Insurance Companies Act (S.C. 1991, c. 47)

Act current to 2014-04-02 and last amended on 2013-12-12. Previous Versions

Election and Tenure — Directors

Marginal note:Number of directors
  •  (1) Subject to subsection 167(1) and sections 176 and 238, the directors of a company shall, by by-law, determine the number of directors or the minimum and maximum number of directors, but no by-law that decreases the number of directors shortens the term of an incumbent director.

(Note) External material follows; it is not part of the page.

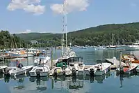 The Marina is home to upwards of two hundred yachts during the summertime, and has views looking out over the cove.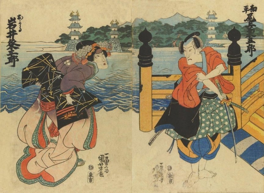 Actors: Bandô Mitsugorô IV as Ukiyo Matabei (浮世又平, left) and

  • Marginal note:Shareholders’ and policyholders’ directors

    (2) Subject to subsection 167(1) and sections 176 and 238, the directors of a company that has common shares and policyholders who are entitled to vote at an annual meeting of shareholders and policyholders shall by by-law determine the number of directors, or the minimum and maximum number of directors, who are to be elected by the shareholders and the number, or the minimum and maximum number, who are to be elected by the policyholders.

  • Marginal note:Election at annual meeting

    (3) A by-law made pursuant to subsection (1) that provides for a minimum and maximum number of directors may provide that the number of directors, shareholders’ directors or policyholders’ directors to be elected at any annual meeting of the shareholders and policyholders be such number as is fixed by the directors prior to the annual meeting.

  • Marginal note:Minimum

    (4) If a company has common shares and policyholders who are entitled to vote at an annual meeting of shareholders and policyholders, the number of shareholders’ directors and the number of policyholders’ directors, whether determined by by-law or fixed by the directors, must each be at least one third of the total number of directors.

  • Marginal note:Mutual company

    (4.1) Where the shareholders of a mutual company are entitled to elect one or more directors of the company, not more than one third of the directors may be elected by the shareholders.

  • Marginal note:Shareholders’ and policyholders’ directors

    (5) In making by-laws for the purposes of subsection (2), the directors shall designate every member of the board as being either a shareholders’ director or a policyholders’ director.

  • 1991, c. 47, s. 173;
  • 1996, c. 6, s. 74;
  • 1997, c. 15, s. 202.
Marginal note:Election or appointment as director

 The election or appointment of a person as a director is subject to the following conditions:

  • (a) the person was present at the meeting when the election or appointment took place and did not refuse to hold office as a director; or

  • (b) the person was not present at the meeting when the election or appointment took place but

    • (i) consented in writing to hold office as a director before the election or appointment or within 10 days after it, or

    • (ii) acted as a director after the election or appointment.

  • 2005, c. 54, s. 245.
Marginal note:Term of directors
  •  (1) Except where this Act or the by-laws of a company provide for cumulative voting, the company may, by by-law, provide that the directors be elected for terms of one, two or three years.

  • Marginal note:Idem

    (2) Where this Act or the by-laws of a company provide for cumulative voting to elect the shareholders’ directors, the company may, by by-law, provide that the policyholders’ directors be elected for terms of one, two or three years.

  • Marginal note:Term of one, two or three years

    (3) A director elected for a term of one, two or three years holds office until the close of the first, second or third annual meeting of shareholders and policyholders, as the case may be, following the election of the director.

  • Marginal note:No stated term

    (4) A director who is not elected for an expressly stated term of office ceases to hold office at the close of the next annual meeting of shareholders and policyholders following the election of the director.

  • Marginal note:Tenure of office

    (5) It is not necessary that all directors elected at a meeting of shareholders or policyholders hold office for the same term.

  • Marginal note:Idem

    (6) If a by-law of a company provides that the directors be elected for a term of two or three years, it may also provide that the term of office of each director be for the whole of that term, or that, as nearly as may be, one half of the directors retire each year if the term is two years, and that one third of the directors retire each year if the term is three years.

  • Marginal note:Composition requirements

    (7) Where a director of a company is elected or appointed for a term of more than one year, the company shall comply with subsections 167(2) and 171(1), section 172 and subsection 173(4) at each annual meeting of shareholders and policyholders during the director’s term of office as if that director were elected or appointed on that date.

  • Marginal note:Transitional

    (8) Subsection (7) does not apply in respect of a former-Act company until the day of the third annual meeting of shareholders and policyholders after the coming into force of this section.